American stand-up comedian, actor, writer and filmmaker Louis C.K. began his career performing stand-up while simultaneously making short films. When he was 17, he directed a comedic short film titled Trash Day (1984). His third short film, Ice Cream, won the grand prize at the Aspen Shortsfest in 1993. In the same year, he began writing for Late Night with Conan O'Brien before leaving the next year. His next writing job was on Late Show with David Letterman in 1995, and directed a series of shorts for Howie Mandel's Sunny Skies on television, followed by acting as head writer for The Dana Carvey Show (1997) and a writer on The Chris Rock Show (1997–1999). He voiced a fictional version of himself on four episodes of Dr. Katz, Professional Therapist from 1996 to 2002. He directed his first feature, Tomorrow Night, in 1998, which failed to attract any distributors and was later re-released by C.K. on his website in 2014.

In the early 2000s, he continued to collaborate with actor-comedian Chris Rock.
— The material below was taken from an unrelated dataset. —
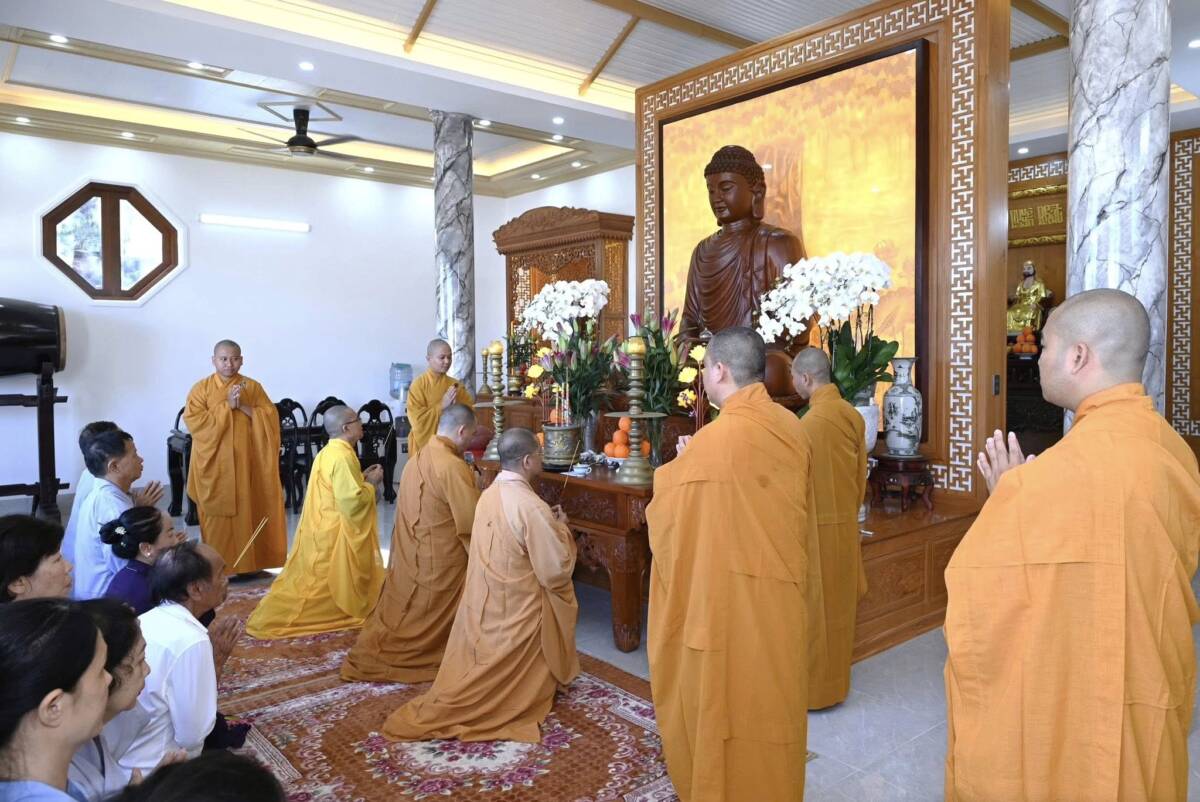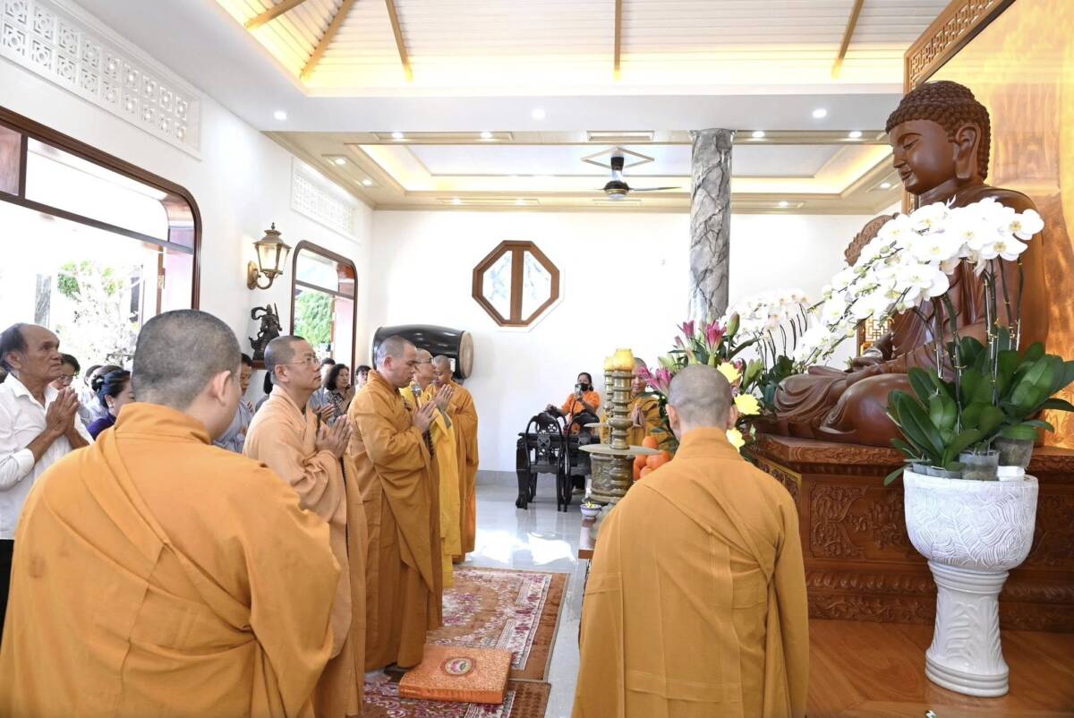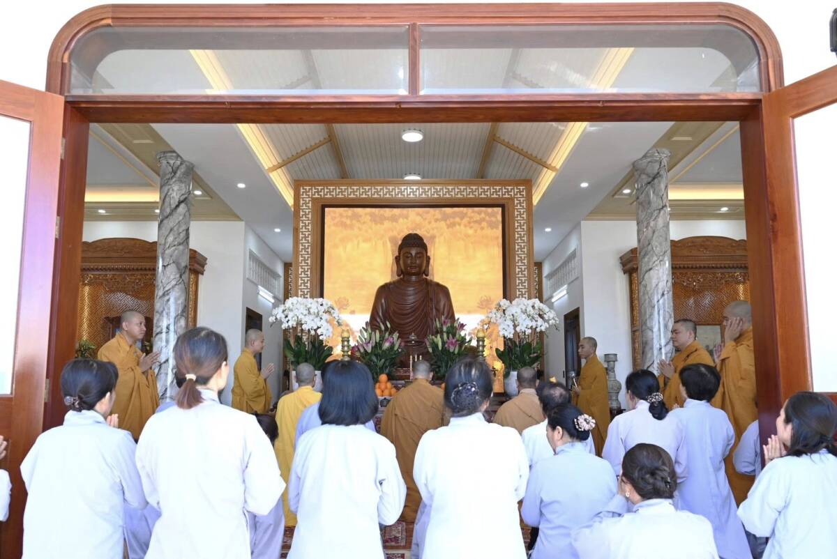Buổi lễ được cử hành theo nghi lễ thiền môn, Thượng tọa Thích Thiện Thông cùng chư tôn đức thực hiện nghi thức niêm hương bạch Phật, đảnh lễ Tam bảo và cử hành nghi lễ sái tịnh, gia trì, chú nguyện và an vị tôn tượng Đức Phật Thích Ca Mâu Ni. Đại chúng đồng xướng niệm hồng danh chư Phật, cầu nguyện thế giới hòa bình, chúng sinh an lạc, Phật pháp trường tồn.

They co-wrote Down to Earth in 2001 and C.K. wrote and directed Pootie Tang (which C.K. was fired from during editing) later that year – both featured Rock in acting roles. In 2002, he voiced Brendon Small's estranged father, Andrew Small, in Home Movies. His first leading role was the short-lived HBO sitcom Lucky Louie, which he also wrote, in 2006. He worked again with Rock as a writer again with the comedy I Think I Love My Wife (2007). After performing stand-up on several television shows from the late 1980s, he released his first stand-up special, Shameless, in 2007. In 2008, he wrote, performed in, directed, executive produced, and edited Chewed Up, and acted in Diminished Capacity, Welcome Home Roscoe Jenkins, and Role Models (all 2008). His next film role was in The Invention of Lying (2009).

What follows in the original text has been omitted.